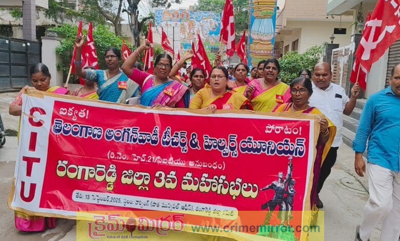 గండిపేట్, క్రైమ్ మిర్రర్:- రంగారెడ్డి జిల్లా తెలంగాణ అంగన్వాడీ టీచర్స్ అండ్ హెల్పర్స్ యూనియన్ మూడవ మహాసభలను శనివారం ఘనంగా నిర్వహించారు. ప్రీ ప్రైమరీ పీఎం శ్రీ విద్యాను అంగన్వాడీ కేంద్రాల్లోనే నిర్వహించాలని, పోషన్ ట్రాకర్ యాప్లో ఎప్ఆర్ఎస్ విధానిన్న రద్దు చేయాలని డిమాండ్ చేశారు. మంచిరేవుల ఎక్స్రోడ్ డాక్టర్ బీఆర్ అంబేద్కర్ విగ్రహానికి పూలమాలలు వేసి ర్యాలీని ప్రారంభించారు. అనంతరం ఈ మహాసభ ప్రాంగణంలో సిఐటీయూ జెండా సీనియర్ అంగన్వాడీ టీచర్స్ యూనియన్ నాయకురాలు సులోచన జెండా ఆవిష్కరించారు. అనంతరం ఈ సభ రాజ్యలక్ష్మి అధ్యక్షతన నిర్వహించారు. తెలంగాణ అంగన్వాడీ టీచర్స్ అండ్ హెల్పర్స్ యూనియన్ సీఐటీయూ రంగారెడ్డి జిల్లా ఆధ్వర్యంలో రంగారెడ్డి జిల్లా మూడో మహాసభలు నిర్వహించడం జరిగిందన్నారు. దీనికి ముఖ్యఅతిథిగా సీఐటీయూ రాష్ట్ర ఉపాధ్యక్షులు భూపాల్ హాజరై మాట్లాడుతూ కేంద్ర ప్రభుత్వ ఐసిడిఎస్ తో పాటు విద్యా వ్యవస్థను పూర్తిగా నిర్వీర్యం చేయడం కోసం నూతన జాతీయ విధాన విద్యా విధానo చట్టాన్ని తెచ్చిందన్నారు. ప్రమాదకరమైన విధానాలకు వ్యతిరేకంగా నిలబడాల్సిన రాష్ట్ర ప్రభుత్వం కూడా కేంద్ర ప్రభుత్వం సిఫార్సులను అమలు చేస్తుందని, ఐసిడిఎస్ ను నిర్వీర్యం పరచడానికి నిర్ణయం చేయడం అత్యంత దుర్మార్గకరమని, ప్రీ ప్రైమరీ పిఎం శ్రీ ఇంగ్లీష్ మీడియం విద్య పేరుతో ఆరు సంవత్సరాలలోపు పిల్లలకు విద్యాశాఖకు అప్పగించడం సరైంది కాదని, ఈ నిర్ణయాన్ని రాష్ట్ర ప్రభుత్వం తక్షణ వెనక్కి తీసుకొని ప్రీ ప్రైమరీ పీఎం శ్రీవిద్యను అంగన్వాడి కేంద్రాల్లోనే నిర్వహించాలని డిమాండ్ చేశారు.
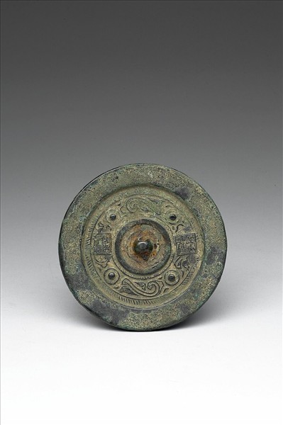 圓鏡,橋鈕、圓鈕座。鏡背飾乳丁紋與雲紋。有銘二處各四字。
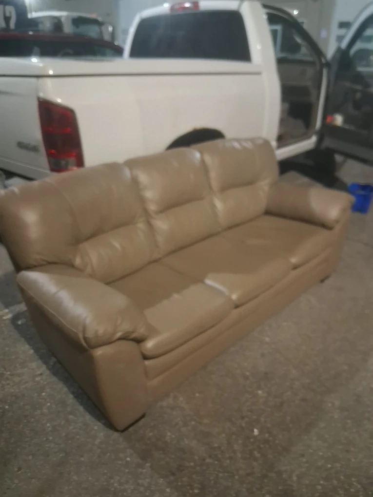 Selling a gently used tan leather love seat sofa. It's in good condition and ready for a new living room. Perfect for lounging and adding a touch of warmth to your space!

# [WHAT IS NEEDED]
The full listing, transcribed exactly and without its pictures, is the expected result.

# [ANSWER TO THIS EXERCISE]
 గండిపేట్, క్రైమ్ మిర్రర్:- రంగారెడ్డి జిల్లా తెలంగాణ అంగన్వాడీ టీచర్స్ అండ్ హెల్పర్స్ యూనియన్ మూడవ మహాసభలను శనివారం ఘనంగా నిర్వహించారు. ప్రీ ప్రైమరీ పీఎం శ్రీ విద్యాను అంగన్వాడీ కేంద్రాల్లోనే నిర్వహించాలని, పోషన్ ట్రాకర్ యాప్లో ఎప్ఆర్ఎస్ విధానిన్న రద్దు చేయాలని డిమాండ్ చేశారు. మంచిరేవుల ఎక్స్రోడ్ డాక్టర్ బీఆర్ అంబేద్కర్ విగ్రహానికి పూలమాలలు వేసి ర్యాలీని ప్రారంభించారు. అనంతరం ఈ మహాసభ ప్రాంగణంలో సిఐటీయూ జెండా సీనియర్ అంగన్వాడీ టీచర్స్ యూనియన్ నాయకురాలు సులోచన జెండా ఆవిష్కరించారు. అనంతరం ఈ సభ రాజ్యలక్ష్మి అధ్యక్షతన నిర్వహించారు. తెలంగాణ అంగన్వాడీ టీచర్స్ అండ్ హెల్పర్స్ యూనియన్ సీఐటీయూ రంగారెడ్డి జిల్లా ఆధ్వర్యంలో రంగారెడ్డి జిల్లా మూడో మహాసభలు నిర్వహించడం జరిగిందన్నారు. దీనికి ముఖ్యఅతిథిగా సీఐటీయూ రాష్ట్ర ఉపాధ్యక్షులు భూపాల్ హాజరై మాట్లాడుతూ కేంద్ర ప్రభుత్వ ఐసిడిఎస్ తో పాటు విద్యా వ్యవస్థను పూర్తిగా నిర్వీర్యం చేయడం కోసం నూతన జాతీయ విధాన విద్యా విధానo చట్టాన్ని తెచ్చిందన్నారు. ప్రమాదకరమైన విధానాలకు వ్యతిరేకంగా నిలబడాల్సిన రాష్ట్ర ప్రభుత్వం కూడా కేంద్ర ప్రభుత్వం సిఫార్సులను అమలు చేస్తుందని, ఐసిడిఎస్ ను నిర్వీర్యం పరచడానికి నిర్ణయం చేయడం అత్యంత దుర్మార్గకరమని, ప్రీ ప్రైమరీ పిఎం శ్రీ ఇంగ్లీష్ మీడియం విద్య పేరుతో ఆరు సంవత్సరాలలోపు పిల్లలకు విద్యాశాఖకు అప్పగించడం సరైంది కాదని, ఈ నిర్ణయాన్ని రాష్ట్ర ప్రభుత్వం తక్షణ వెనక్కి తీసుకొని ప్రీ ప్రైమరీ పీఎం శ్రీవిద్యను అంగన్వాడి కేంద్రాల్లోనే నిర్వహించాలని డిమాండ్ చేశారు.
 圓鏡,橋鈕、圓鈕座。鏡背飾乳丁紋與雲紋。有銘二處各四字。
 Selling a gently used tan leather love seat sofa. It's in good condition and ready for a new living room. Perfect for lounging and adding a touch of warmth to your space!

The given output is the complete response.